### Records
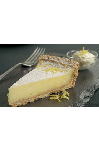 A soft pastry case filled with a baked lemon custard, finished with a sugar dusting
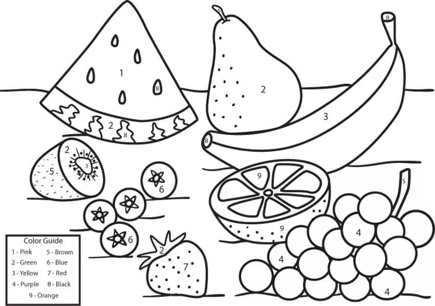 Coloring description : Download Printable Printable Fruits Color by Number Coloring Page
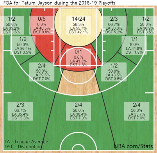 #2018-2019시즌 플레이오프 1라운드 제이슨 테이텀 야투성공률 분포도(*22일 기준)
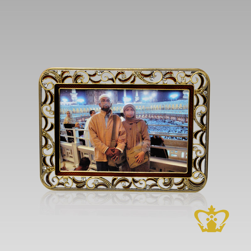 Holy kaaba and two person color printed decorative rectangular photo frame
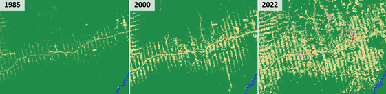 Figura 2 – Expansão das áreas de pasto (em amarelo) sobre as áreas de floresta (em verde) nos municípios de Uruará e Placas/PA entre 1985 e 2022
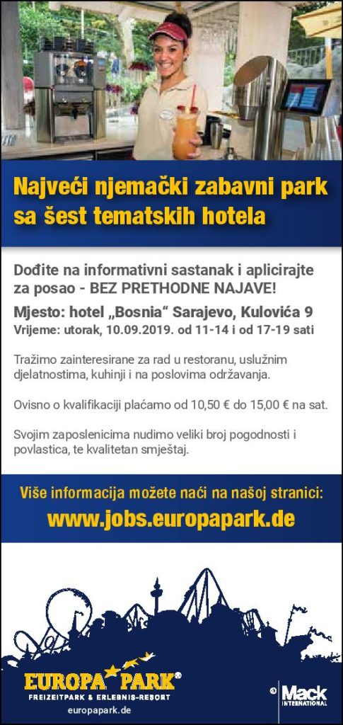 Najveći njemački zabavni park ‘Europa Park’ traži nove zaposlenike, a informativni sastanci za sve zainteresovane kandidate će se održati u Sarajevu 10. septembra u terminima od 11 do 14 te od 17 do 19 sati i to u hotelu Bosnia na adresi Kulovića 9 u Sarajevu.
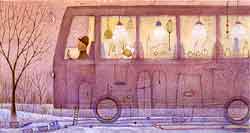 猫の爪のような細い月がかかる時計台。夏の終わりに、夕焼けの中で小枝のタクトを振る子供。ぶどう色のたそがれ時を行くバス。キリンのもくばや玩具の列車、雪原に降る光のような雨…。細い筆で毛筋のように色を重ねる近藤の絵は、どれも透明感があってシンと静かだ。CDケースを2つ並べたくらいの小さな画面なのに、じっと見ているうちに画面の深い奥から音楽が聞こえてくる。
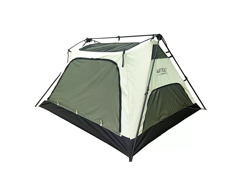 Даже при отсутствии навыков, установка палатки ARTELV 4 занимает минимум времени, не требует больших физических усилий. Несущие дуги с легкостью объединится в прочный каркас, штормовые оттяжки фиксируются колышками к земле вручную или с помощью молотка, топора.
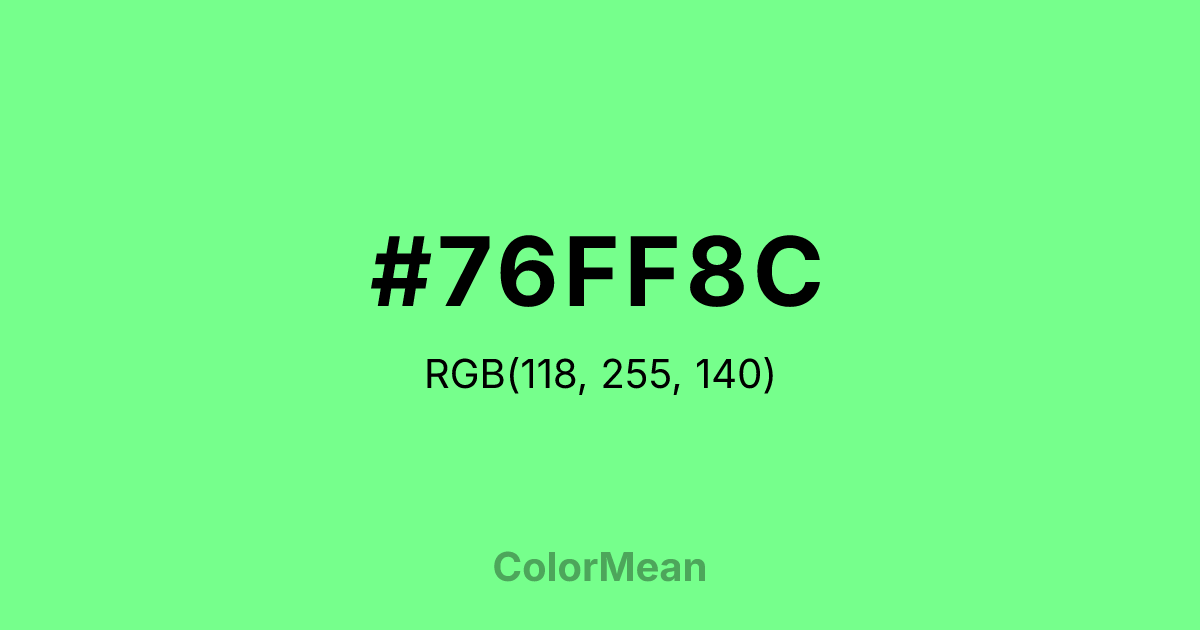 #76FF8C RGB value is (118, 255, 140). The hex color red value is 118, green is 255, and blue is 140. Its HSL format shows a hue of 130°, saturation of 100 percent, and lightness of 73 percent. The CMYK process values are 54 percent, 0 percent, 45 percent, 0 percent.
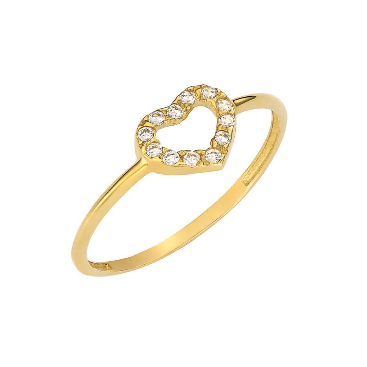 Ring small heart adorned with white cubic zirconia stones, made of 14 karat yellow gold. A beautiful symbol of love.
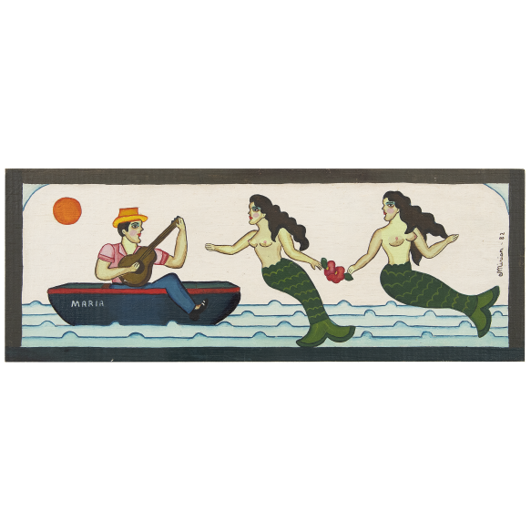 Mirian - Maria- Óleo sobre madeira. - Assinado e datado 82 lateral direita. - Titulado inferior esquerdo. - 18,5 x 50 cm.
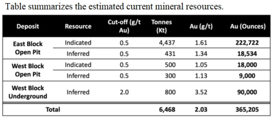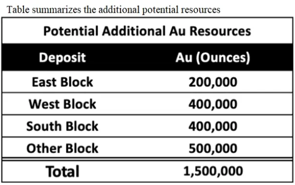 Detailed drilling and rigorous internal evaluation of results indicate the presence of 6.8 tons of mineable gold in the open pit of the East Block for a total depth of 180 m, with a mine life of 8 to 9 years. Upon further detailed drilling in the remaining blocks, the resources could potentially increase to 14 tons of mineable gold, with a mine life to about 15 years.
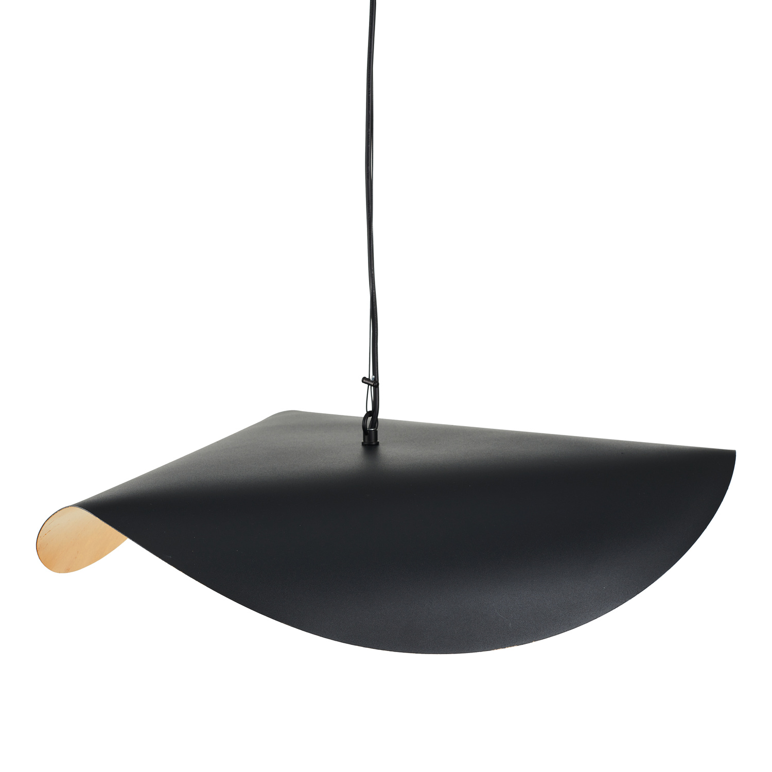 Całość zawieszona jest na cienkim,eleganckim czarnym przewodzie zamontowanym do okrągłej, czarnej podsufitki.
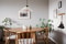 Ett ljust och rymligt vardagsrum som enkelt möbleras med stor sittgrupp, mediamöbel och matbord för traditionella middagar tillsammans med vänner.
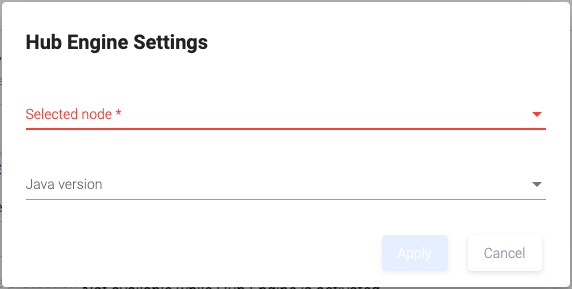 В появившемся окне Hub Engine Settings в поле Selected node выберите ноду Hub Engine из выпадающего списка. Кроме того, в поле Java version можно указать версию Java (необязательный параметр).
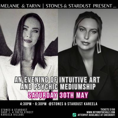 Some guests will receive a combined experience of Taryn’s channelled spiritual artwork accompanied by a channelled message by Melanie. Others will receive a focused experience of either a mini-reading or an individual artistic transmission, each delivered with care, intention and depth.
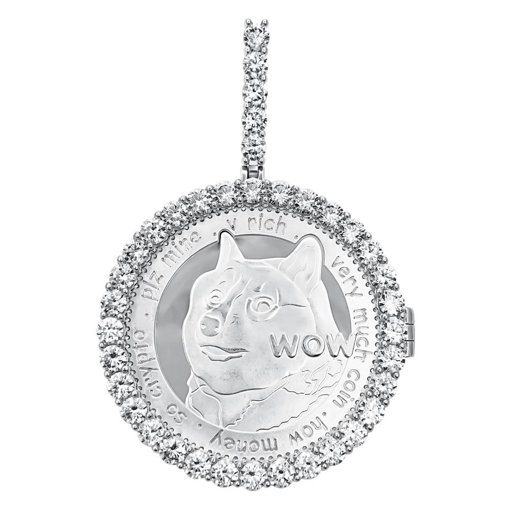 Dogecoin Coin Iced Out Frame Pendant V1. Doge Coin has become popular in the past year and here is your opportunity to represent Dogecoin in style! The coin measures 40MM in diameter and is embedded in the frame of your choice. It can be iced up in 2 different says with CZ VVS Simulated Diamonds or in a low key plain frame. This commemorative Crypto Currency coin is sure to turn heads and make a great conversation starter. Available in Yellow Gold or White Gold Plating options. The VVS CZ Simulated Diamonds have a bling bling shine as if they were genuine diamonds.

### Problem to work on
If pictures are present, they are dropped, and the entries above are written out word for word.

### Solution to this task
 A soft pastry case filled with a baked lemon custard, finished with a sugar dusting
 Coloring description : Download Printable Printable Fruits Color by Number Coloring Page
 #2018-2019시즌 플레이오프 1라운드 제이슨 테이텀 야투성공률 분포도(*22일 기준)
 Holy kaaba and two person color printed decorative rectangular photo frame
 Figura 2 – Expansão das áreas de pasto (em amarelo) sobre as áreas de floresta (em verde) nos municípios de Uruará e Placas/PA entre 1985 e 2022
 Najveći njemački zabavni park ‘Europa Park’ traži nove zaposlenike, a informativni sastanci za sve zainteresovane kandidate će se održati u Sarajevu 10. septembra u terminima od 11 do 14 te od 17 do 19 sati i to u hotelu Bosnia na adresi Kulovića 9 u Sarajevu.
 猫の爪のような細い月がかかる時計台。夏の終わりに、夕焼けの中で小枝のタクトを振る子供。ぶどう色のたそがれ時を行くバス。キリンのもくばや玩具の列車、雪原に降る光のような雨…。細い筆で毛筋のように色を重ねる近藤の絵は、どれも透明感があってシンと静かだ。CDケースを2つ並べたくらいの小さな画面なのに、じっと見ているうちに画面の深い奥から音楽が聞こえてくる。
 Даже при отсутствии навыков, установка палатки ARTELV 4 занимает минимум времени, не требует больших физических усилий. Несущие дуги с легкостью объединится в прочный каркас, штормовые оттяжки фиксируются колышками к земле вручную или с помощью молотка, топора.
 #76FF8C RGB value is (118, 255, 140). The hex color red value is 118, green is 255, and blue is 140. Its HSL format shows a hue of 130°, saturation of 100 percent, and lightness of 73 percent. The CMYK process values are 54 percent, 0 percent, 45 percent, 0 percent.
 Ring small heart adorned with white cubic zirconia stones, made of 14 karat yellow gold. A beautiful symbol of love.
 Mirian - Maria- Óleo sobre madeira. - Assinado e datado 82 lateral direita. - Titulado inferior esquerdo. - 18,5 x 50 cm.
 Detailed drilling and rigorous internal evaluation of results indicate the presence of 6.8 tons of mineable gold in the open pit of the East Block for a total depth of 180 m, with a mine life of 8 to 9 years. Upon further detailed drilling in the remaining blocks, the resources could potentially increase to 14 tons of mineable gold, with a mine life to about 15 years.
 Całość zawieszona jest na cienkim,eleganckim czarnym przewodzie zamontowanym do okrągłej, czarnej podsufitki.
 Ett ljust och rymligt vardagsrum som enkelt möbleras med stor sittgrupp, mediamöbel och matbord för traditionella middagar tillsammans med vänner.
 В появившемся окне Hub Engine Settings в поле Selected node выберите ноду Hub Engine из выпадающего списка. Кроме того, в поле Java version можно указать версию Java (необязательный параметр).
 Some guests will receive a combined experience of Taryn’s channelled spiritual artwork accompanied by a channelled message by Melanie. Others will receive a focused experience of either a mini-reading or an individual artistic transmission, each delivered with care, intention and depth.
 Dogecoin Coin Iced Out Frame Pendant V1. Doge Coin has become popular in the past year and here is your opportunity to represent Dogecoin in style! The coin measures 40MM in diameter and is embedded in the frame of your choice. It can be iced up in 2 different says with CZ VVS Simulated Diamonds or in a low key plain frame. This commemorative Crypto Currency coin is sure to turn heads and make a great conversation starter. Available in Yellow Gold or White Gold Plating options. The VVS CZ Simulated Diamonds have a bling bling shine as if they were genuine diamonds.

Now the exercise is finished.